The change in government support led to a focus on other sources of revenues to cover expenses, and coupled with a change in strategic direction in 2011 where staff became responsible for determining the project priorities asking the volunteers to assist, resulted in fewer, but more resource-intensive products. This change led to sharp reductions in volunteer driven implementation and dissemination efforts, in favor of paid staff leading these efforts. The committees of grass-roots members and linkages to national organizations were largely lost and many volunteers became inactive. Support for national CPD and ongoing monitoring from the federal government dwindled, possibly due to the assumption that the excellent control rates would simply continue. Similarly, support from the pharmaceutical industry was reduced as patents for antihypertensive agents expired. Additional factors impacting on implementation and dissemination efforts included declining government support for hypertension surveillance, industry partnership terminations, and the restructuring of several hypertension organizations into one larger organization, with much less emphasis on guideline implementation and evaluation.

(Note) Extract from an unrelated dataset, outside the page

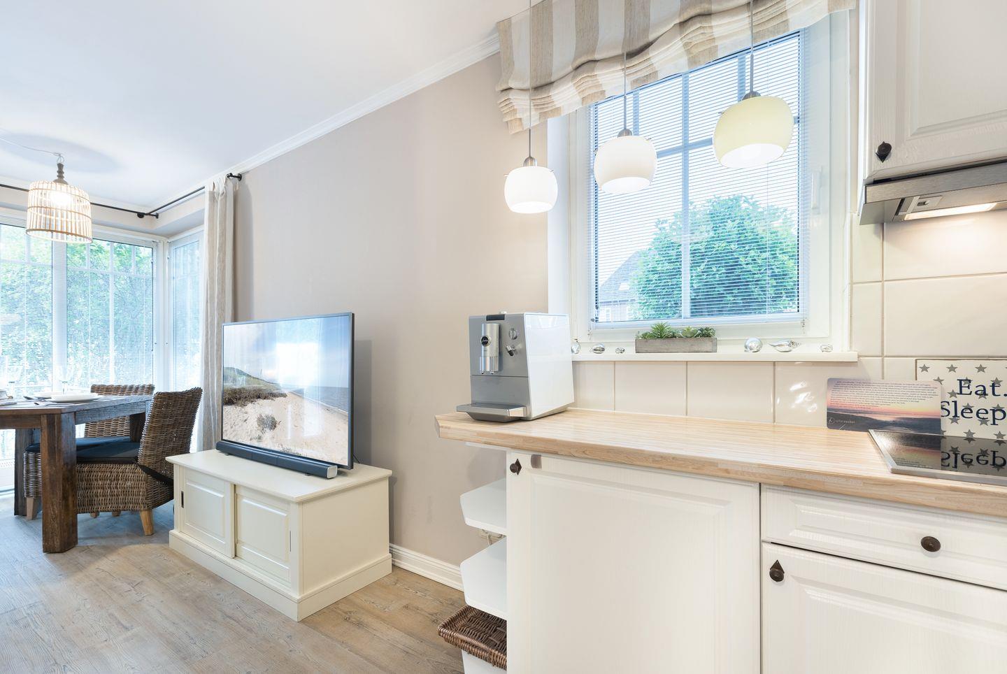 EG: Wohnraum mit Flatscreen-TV; offener Ess- und Küchenbereich mit Geschirrspüler und Kaffeevollautomat;

In a recent Canadian surveillance study on hypertension rates, Leung et al. [18] found blood pressure treatment and control rates remained stable from 2007 to 2017 in men, at 78.9% and 65.4% respectively, however, over the same time period treatment and control rates for women, fell from 82.2 and 67.0% to 65.2 and 49.2%. Such a sex disparity is alarming, since death and disability rates will increase as BP control falls. The reasons underlying these sex differences are unclear and do not appear to be associated with any significant demographic shifts or differences in the frequency of hypertension or related comorbidities in the general population.

In summary, hypertension awareness, treatment, and control in Canada improved following dissemination and implementation CPD programs produced by volunteer hypertension experts linked to national guideline development, working through multidisciplinary and interprofessional teams, and partly supported by national public health organizations. Improved hypertension control rates were associated with improved national outcomes, coupled with a more educated and integrated health care community. We have now documented that straying from the principles of CPD can erode and reverse previous achievements. Our challenge is now to assess, adapt, and then regain our previous accomplishments.